To apply the changes, it’s a good idea to restart the Raspberry Pi:

				
					sudo reboot
				
			

Configuring Time Zone and Language

To configure the time zone:

				
					sudo raspi-config
				
			

In the graphical user interface, choose “Localisation Options,” then select “Change Timezone.” From the list, choose the timezone that corresponds to your region, confirm, and restart the Raspberry Pi.

To configure the language, using Chinese as an example:

				
					sudo apt-get install -y language-pack-zh-hans
				
			

Configure the language environment:

				
					sudo update-locale LANG=zh_CN.UTF-8
				
			

Re-generate language support with:

				
					sudo dpkg-reconfigure locales
				
			

In the dialog that appears, select zh_CN.UTF-8 by pressing the “Space” key, then use the “Tab” key to navigate to “OK” and press “Enter.” This configures your Raspberry Pi system to use Chinese.

Note that this only changes the system language settings and does not automatically switch the graphical user interface to Chinese. If you are using the desktop version of the Raspberry Pi system, you may need to manually adjust language settings in the desktop environment.

Configuring Raspberry Pi Network

  1. Wired connection:
  • The simplest method is to directly connect the Raspberry Pi to the router or network switch using an Ethernet cable.
  • Power on the Raspberry Pi.
  1. Wireless connections:
  • Open the Raspberry Pi configuration tool by entering the following command in the terminal: sudo raspi-config.
  • In the configuration tool, choose “Network Options.”
  • Select “Wi-Fi” and enter the SSID and password for your Wi-Fi network.
  • Once the configuration is complete, choose “Finish” to exit and restart.
  1. Check the IP address:

Use the ifconfig or ip addr command to verify whether the Raspberry Pi has obtained a valid IP address.
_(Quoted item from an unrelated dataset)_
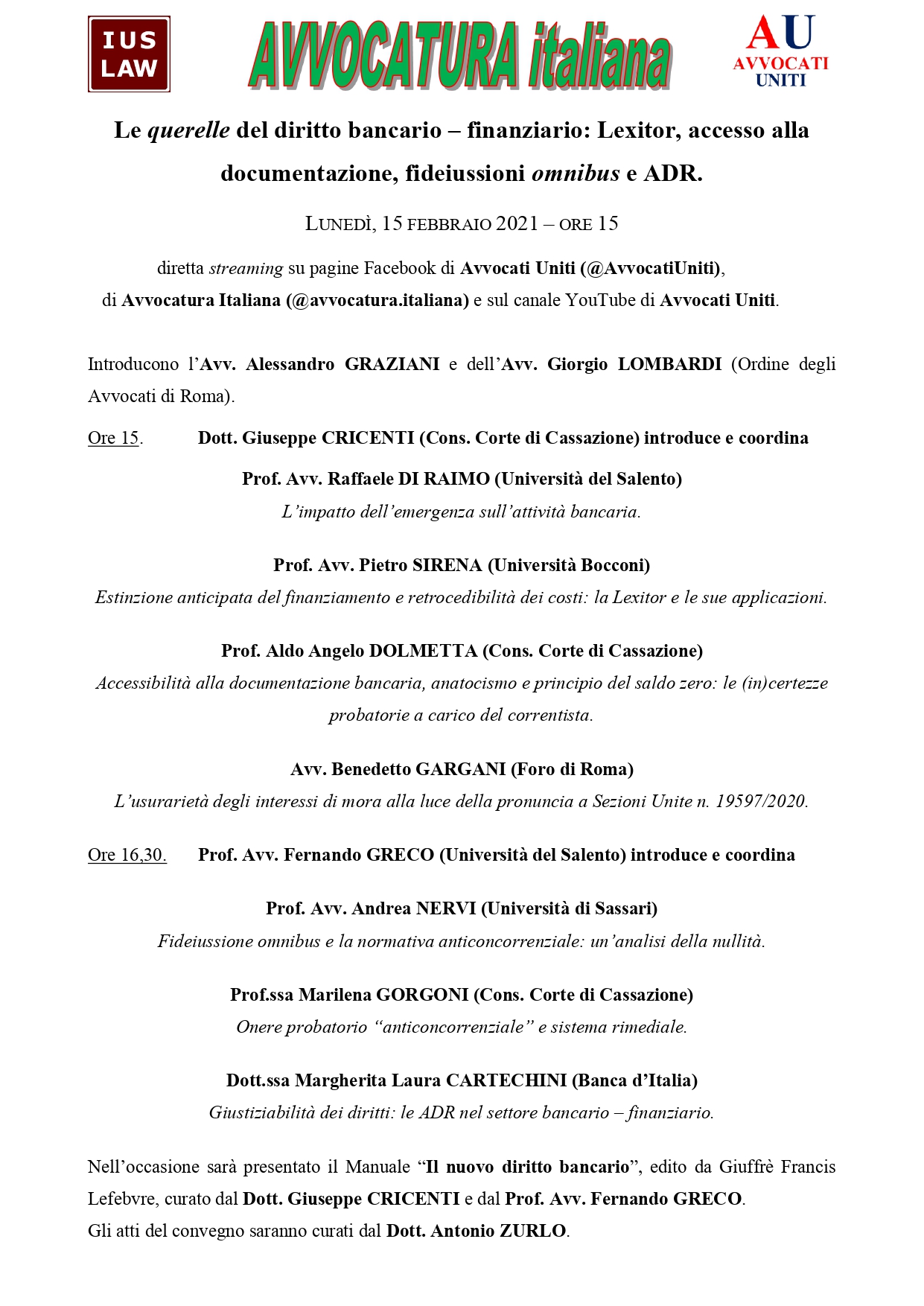 in diretta streaming sulle pagine Facebook di Avvocati Uniti (@AvvocatiUniti), di Avvocatura Italiana (@avvocatura.italiana) e sul canale YouTube di Avvocati Uniti.

Check the Raspberry Pi IP address

  1. Headless mode configuration:

If the Raspberry Pi is running without a display, you can create a file named wpa_supplicant.conf in the boot partition of the SD card and enter the following content:

				
					country=US
ctrl_interface=DIR=/var/run/wpa_supplicant GROUP=netdev
update_config=1
network={
    ssid="YOUR_SSID"
    psk="YOUR_PASSWORD"
}
				
			

Install remote share

When you want to access files on the Raspberry Pi over the network, setting up remote sharing is very convenient. By installing the Samba service, you can share a specific directory on the Raspberry Pi (such as /home/pi) to the network, making it visible on other devices. This setup is similar to creating a network drive, allowing you to easily transfer files between devices.

To achieve this, first ensure that the smb.conf file has the correct shared directory and corresponding permissions. Here’s an example that shares the home directory of the user pi:

				
					[pi-home]
comment= Pi Home
path=/home/pi
browseable=Yes
writeable=Yes
only guest=no
create mask=0777
directory mask=0777
public=no
				
			

Make sure you have restarted the Samba service to apply the changes:

				
					sudo service smbd restart
				
			

Additionally, you need to create a user for the Samba service. Use the following command to add the user pi to the Samba user list:

				
					sudo smbpasswd -a pi
				
			

Now you can access the Raspberry Pi’s shared directory over the network on other devices. This setup makes file transfer between devices easy, and you can work with it just like operating a local folder.